What is being asked | Below is a listing with pictures in it; transcribe exactly the lines from the one that has "Voor burgemeester Carola" through the one that has "#Photo of Dr.", and omit those pictures.

── Data extracts

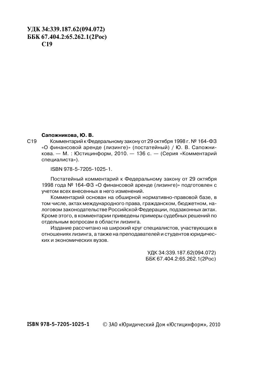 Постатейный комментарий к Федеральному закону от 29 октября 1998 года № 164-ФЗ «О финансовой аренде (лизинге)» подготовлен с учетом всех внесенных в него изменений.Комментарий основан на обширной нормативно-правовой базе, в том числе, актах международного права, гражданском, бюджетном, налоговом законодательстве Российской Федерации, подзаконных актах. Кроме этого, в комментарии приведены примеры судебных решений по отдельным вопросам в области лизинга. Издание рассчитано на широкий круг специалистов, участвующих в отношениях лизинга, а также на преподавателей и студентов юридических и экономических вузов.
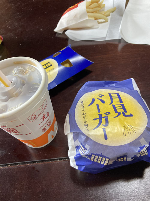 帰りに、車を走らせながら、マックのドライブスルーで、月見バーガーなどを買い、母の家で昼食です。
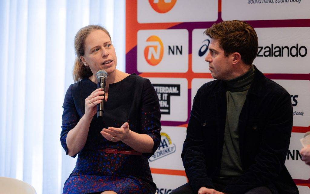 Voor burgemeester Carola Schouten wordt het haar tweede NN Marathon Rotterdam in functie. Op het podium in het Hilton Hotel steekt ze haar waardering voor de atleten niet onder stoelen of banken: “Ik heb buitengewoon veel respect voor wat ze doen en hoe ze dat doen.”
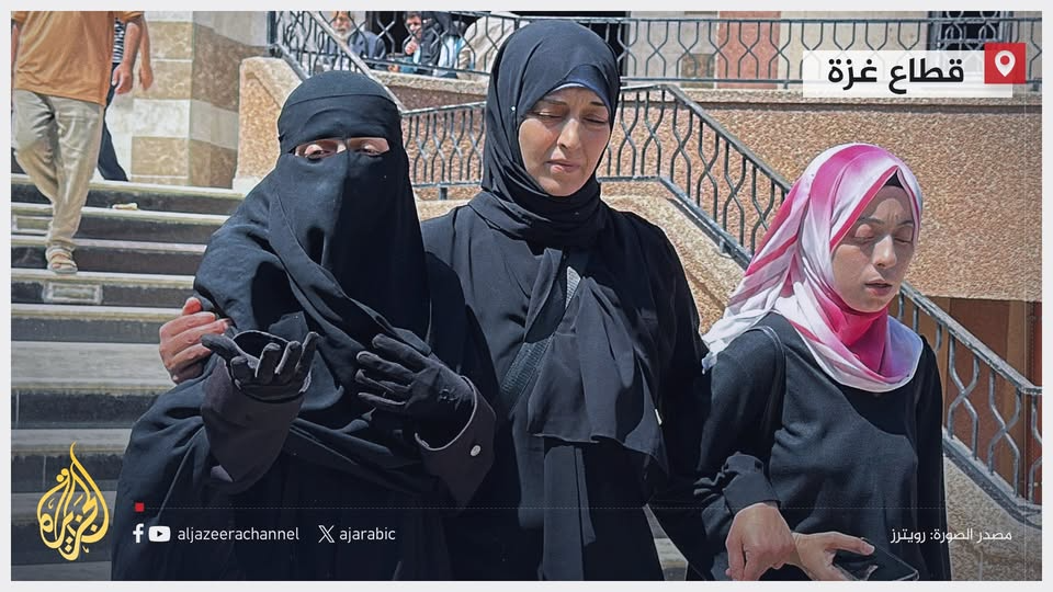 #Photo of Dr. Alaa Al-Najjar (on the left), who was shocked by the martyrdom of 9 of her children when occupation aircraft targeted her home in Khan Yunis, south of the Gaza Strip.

────
── Data extracts

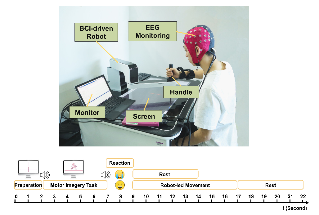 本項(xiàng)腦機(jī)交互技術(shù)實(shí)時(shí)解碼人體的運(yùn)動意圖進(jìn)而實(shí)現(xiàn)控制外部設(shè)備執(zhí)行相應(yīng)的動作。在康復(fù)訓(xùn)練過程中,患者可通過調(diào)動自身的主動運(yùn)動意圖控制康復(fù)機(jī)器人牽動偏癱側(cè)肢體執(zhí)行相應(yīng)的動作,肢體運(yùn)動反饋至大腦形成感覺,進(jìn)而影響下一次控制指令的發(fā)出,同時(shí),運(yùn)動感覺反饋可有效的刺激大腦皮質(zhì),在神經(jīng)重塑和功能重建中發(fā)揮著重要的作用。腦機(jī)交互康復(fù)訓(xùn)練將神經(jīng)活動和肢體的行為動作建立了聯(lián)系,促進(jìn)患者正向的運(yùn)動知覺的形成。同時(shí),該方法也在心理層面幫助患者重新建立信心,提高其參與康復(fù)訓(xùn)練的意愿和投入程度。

────

Task solution |
 Voor burgemeester Carola Schouten wordt het haar tweede NN Marathon Rotterdam in functie. Op het podium in het Hilton Hotel steekt ze haar waardering voor de atleten niet onder stoelen of banken: “Ik heb buitengewoon veel respect voor wat ze doen en hoe ze dat doen.”
 #Photo of Dr. Alaa Al-Najjar (on the left), who was shocked by the martyrdom of 9 of her children when occupation aircraft targeted her home in Khan Yunis, south of the Gaza Strip.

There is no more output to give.